Его избраннице двадцать семь лет — ровно на тридцать меньше, чем ему — у нее светлые волосы, голубые глаза цвета льда и, наверное, закаленная сталь внутри в виде стержня. За эти годы у Ананда было без малого тридцать пять пассий. Но ни с одной из них дело не дошло ни до обручения, ни, как он всегда бормотал, упаси Бог, женитьбы.

Однако все, даже самое невероятное, имеет свойство случаться. Просто в свое время.

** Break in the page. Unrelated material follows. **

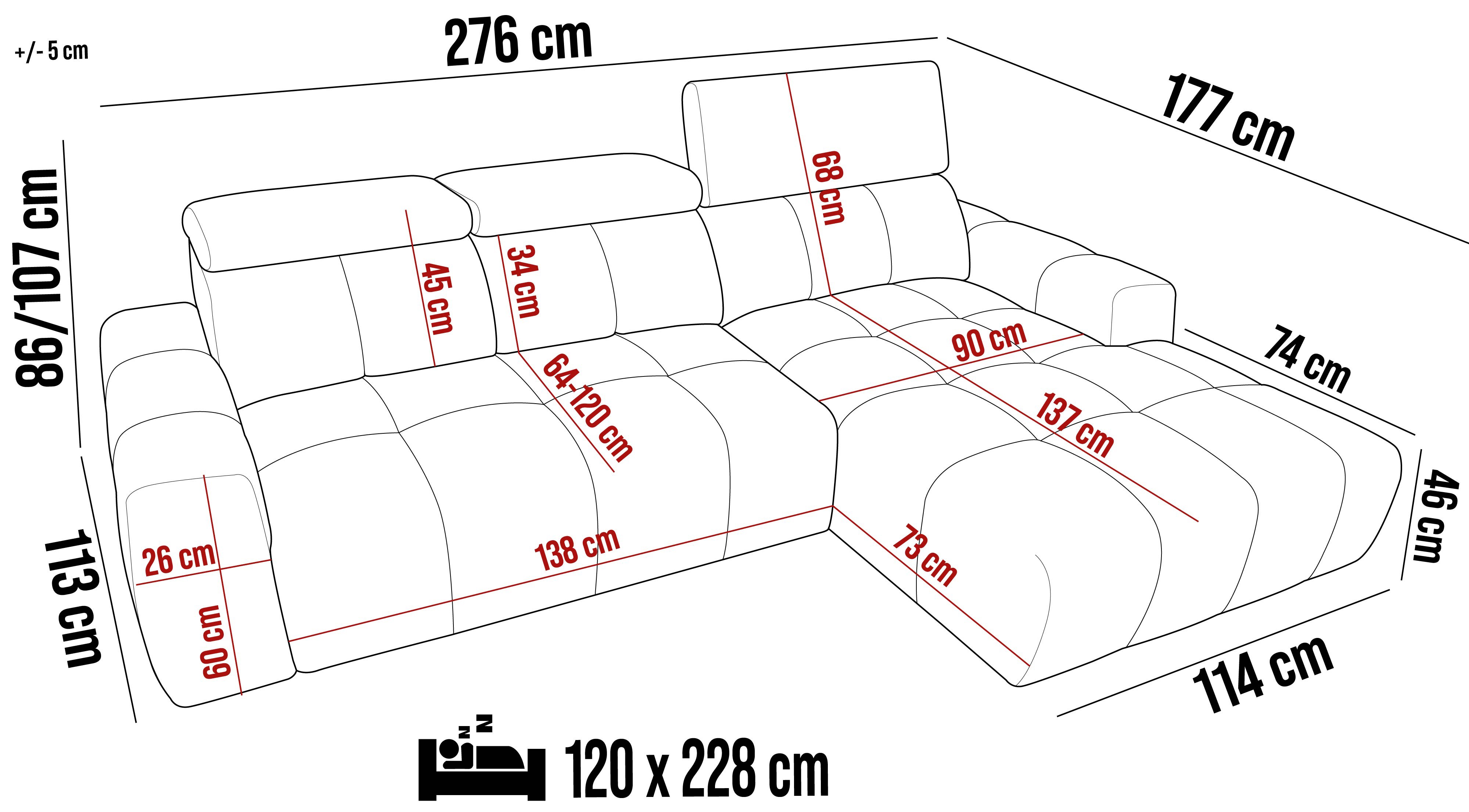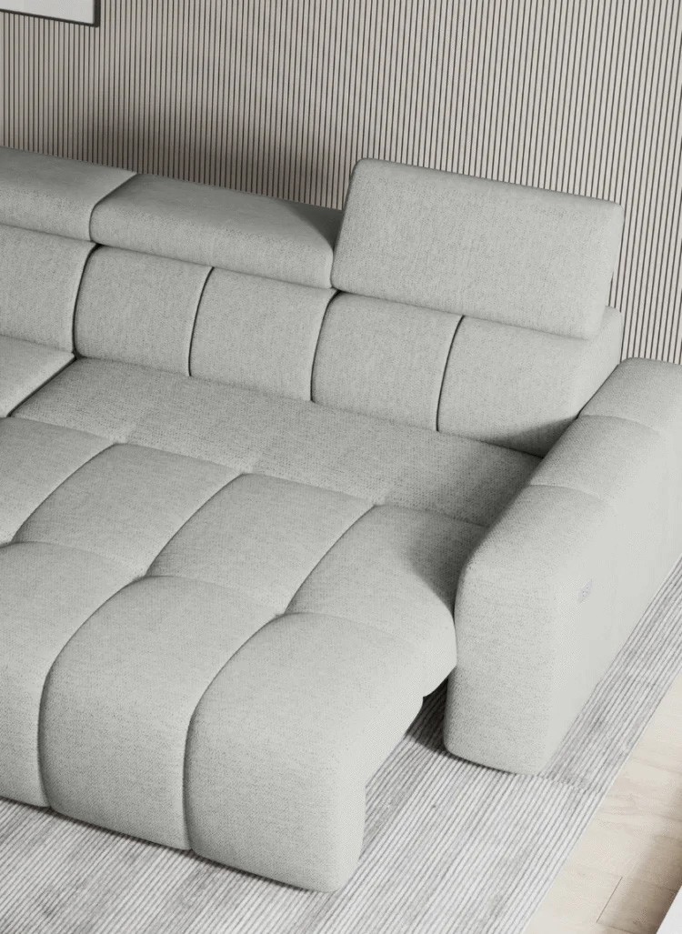 Wyposażony w elektrycznie rozkładaną funkcję spania, narożnik ENZO S umożliwia wygodny odpoczynek zarówno w ciągu dnia, jak i w nocy.

Сигмундур не испытывает ненависти к Ананду. В конце концов, он содержит их базу, кормит его и Бериславу, лично разрешил Рагнару взять его на корабль — несмышленого, обозленного, блюющего от одного вида морской воды — увидел потенциал. Кроме работы, у Сигмундура никогда ничего не было, а потому делал он ее на славу. С истинным профессионализмом.

…За этот профессионализм и пришлось заплатить свою цену.

— Ночная ловля! — раздосадованно ударив кулаком по столу, шипит китобой, не в силах сдержаться. Тарелка с его ужином отъезжает немного в сторону. Злоба выползает наружу.

Берислава против воли вздрагивает.

— Китов?..

— Дельфинов, мать его, — язвит мужчина, уже обе ладони сжав в кулаки, — конечно китов. Финвалов!

Девушка бледнеет.

— Но ночью же опасно…

— Не опаснее, чем днем, не в этом суть, — отмахивается он, — Берислава, смысл в том, что я должен проработать смену, затем у меня есть четыре часа на перерыв — и снова в море!

На его лице проступает усталость, обозленность и страх. Девочка первым замечает его, и китобою это чудно известно.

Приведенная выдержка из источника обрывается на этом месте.